Content starts

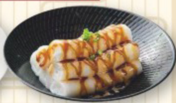
港式碎仔腸 Plain Cheong Fun with Peanut Sauce (V) £7.20
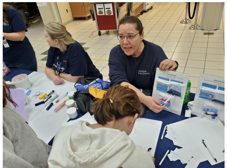
Phillips Medsize showed the girls examples of resin that goes into insulin.
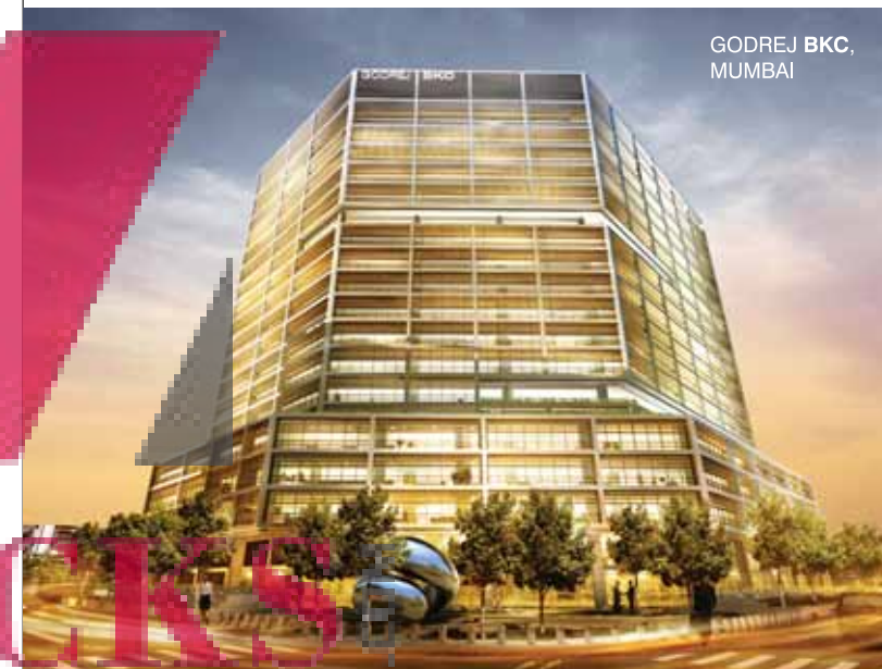
GODREJ BKC, MUMBAI
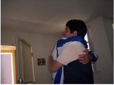
2 seconds later: The love...
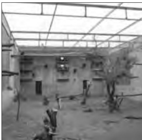
Inside the colony aviary.

hold 25 pairs and to establish breeding colonies of each of the three species. With the limited availability of wild vultures this is already a challenging target. If successful, however, these centres could be holding up to 200 birds or more which, in itself, puts huge demands on resources to staff and run the centres. This has not been done before to such a scale. The Eurasian griffon vulture and the Californian condor programmes did not work with numbers anywhere near these targets but these numbers are required because of the scale of declines in South Asia.
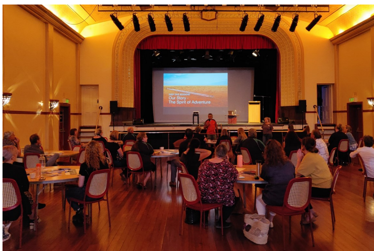
Photo: The deep dive session was held at Cummins Theatre
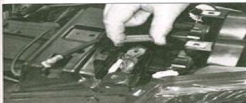
10.2a Lift the cover...
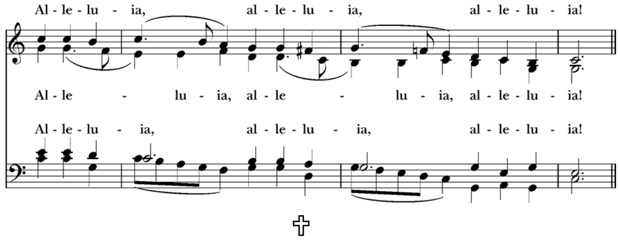
THE WORD OF GOD
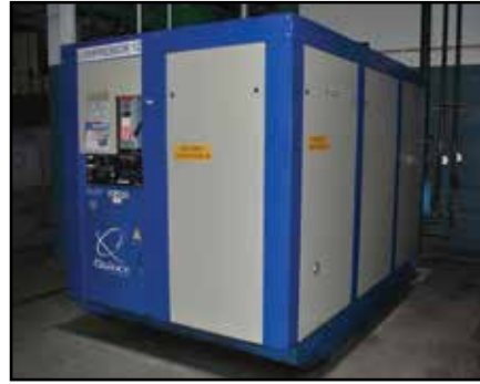
QUINCY Q51-1500 Rotary Screw Air Compressor
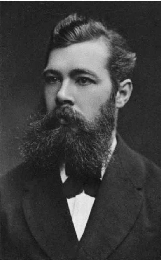
Figure 1: A young Hermann von Ihering
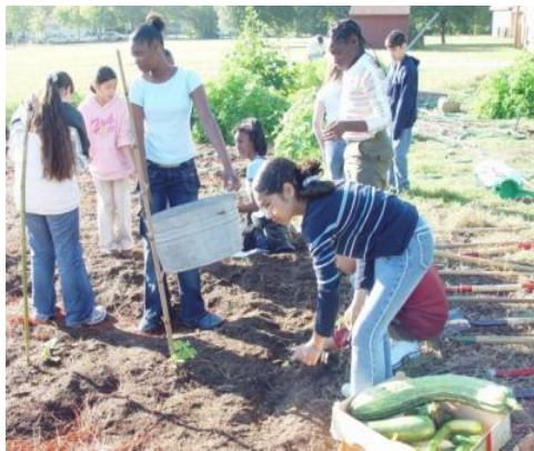
Our Savior (independent)
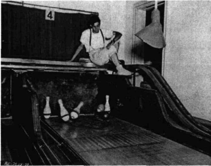
Pin-boy waits to reset pins as the camera catches a promising strike in motion. R.C.A.F. Convalescent Hospital. 6 August 1945.

good bowlers (good tippers), soon got to know who the best pinboys were. Working the major [bowling] leagues, you soon learned who to knock over the odd corner pins for or who to set the head pin just ahead of the spike for, this of course made it almost impossible to get a strike. Each boy kept track of games or lines bowled and at 12:00 on Saturday night we got paid, less whatever number of Cokes we had at five cents each through the week or chocolate bars which were also a nickel. The manager, I can't remember his name, always shorted us 25 or 30 cents. It doesn't seem like much now, but to earn 30 cents, you had to set 20 lines or about one and a half hours of bowling on two lanes. 17
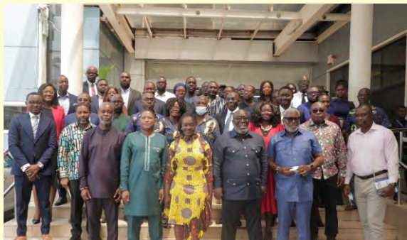
NCA COMMEMORATES 2022 WORLD TELECOMMUNICATION AND INFORMATION SOCIETY DAY (WTISD)
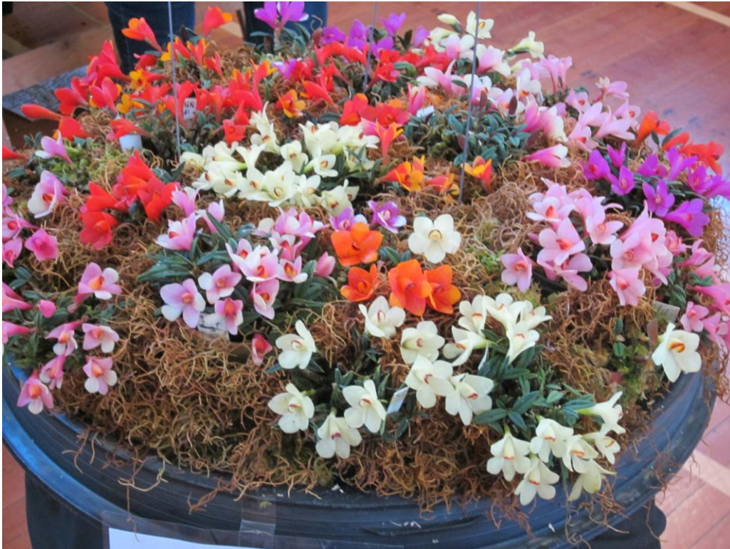
A bowl of Den. cuthbertsonii at Te Puke Lions Show

Otherwise please feel free to ask people at the club as there are always plenty who can help you. Unfortunately we don't always get enough time on club days so it is important to attend some of the social events we organize so you can talk to others in a more relaxed atmosphere.
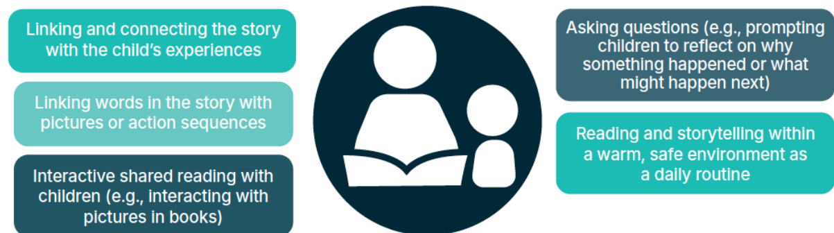
Figure 2. Reading activities that can facilitate language development in infants and children.

Shared reading is also linked to benefits beyond language development. The Growing Up in New Zealand study has found that children who read together with a parent throughout childhood were more likely to report positive childhood experiences and greater family support at age 11. 42
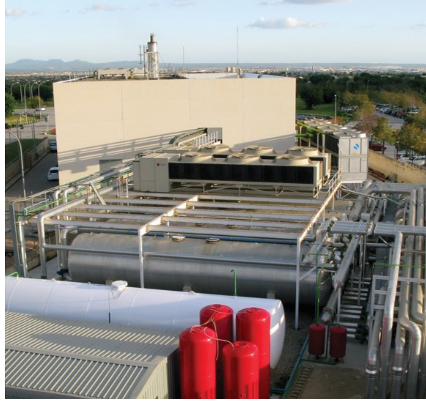
Parc Bit has an advanced tri-generation plant that supplies the area with heating, cooling and electricity.

there are many factors which might influence the results. Further studies are required to obtain actual gains from grid flexibility.

Content ends

**ABOUT THIS TASK:**
Return the line containing "good bowlers (good" and every line after it through the end of the records above, exactly and nothing else, but not the pictures.

**YOUR RESPONSE:**
good bowlers (good tippers), soon got to know who the best pinboys were. Working the major [bowling] leagues, you soon learned who to knock over the odd corner pins for or who to set the head pin just ahead of the spike for, this of course made it almost impossible to get a strike. Each boy kept track of games or lines bowled and at 12:00 on Saturday night we got paid, less whatever number of Cokes we had at five cents each through the week or chocolate bars which were also a nickel. The manager, I can't remember his name, always shorted us 25 or 30 cents. It doesn't seem like much now, but to earn 30 cents, you had to set 20 lines or about one and a half hours of bowling on two lanes. 17
NCA COMMEMORATES 2022 WORLD TELECOMMUNICATION AND INFORMATION SOCIETY DAY (WTISD)
A bowl of Den. cuthbertsonii at Te Puke Lions Show

Otherwise please feel free to ask people at the club as there are always plenty who can help you. Unfortunately we don't always get enough time on club days so it is important to attend some of the social events we organize so you can talk to others in a more relaxed atmosphere.
Figure 2. Reading activities that can facilitate language development in infants and children.

Shared reading is also linked to benefits beyond language development. The Growing Up in New Zealand study has found that children who read together with a parent throughout childhood were more likely to report positive childhood experiences and greater family support at age 11. 42
Parc Bit has an advanced tri-generation plant that supplies the area with heating, cooling and electricity.

there are many factors which might influence the results. Further studies are required to obtain actual gains from grid flexibility.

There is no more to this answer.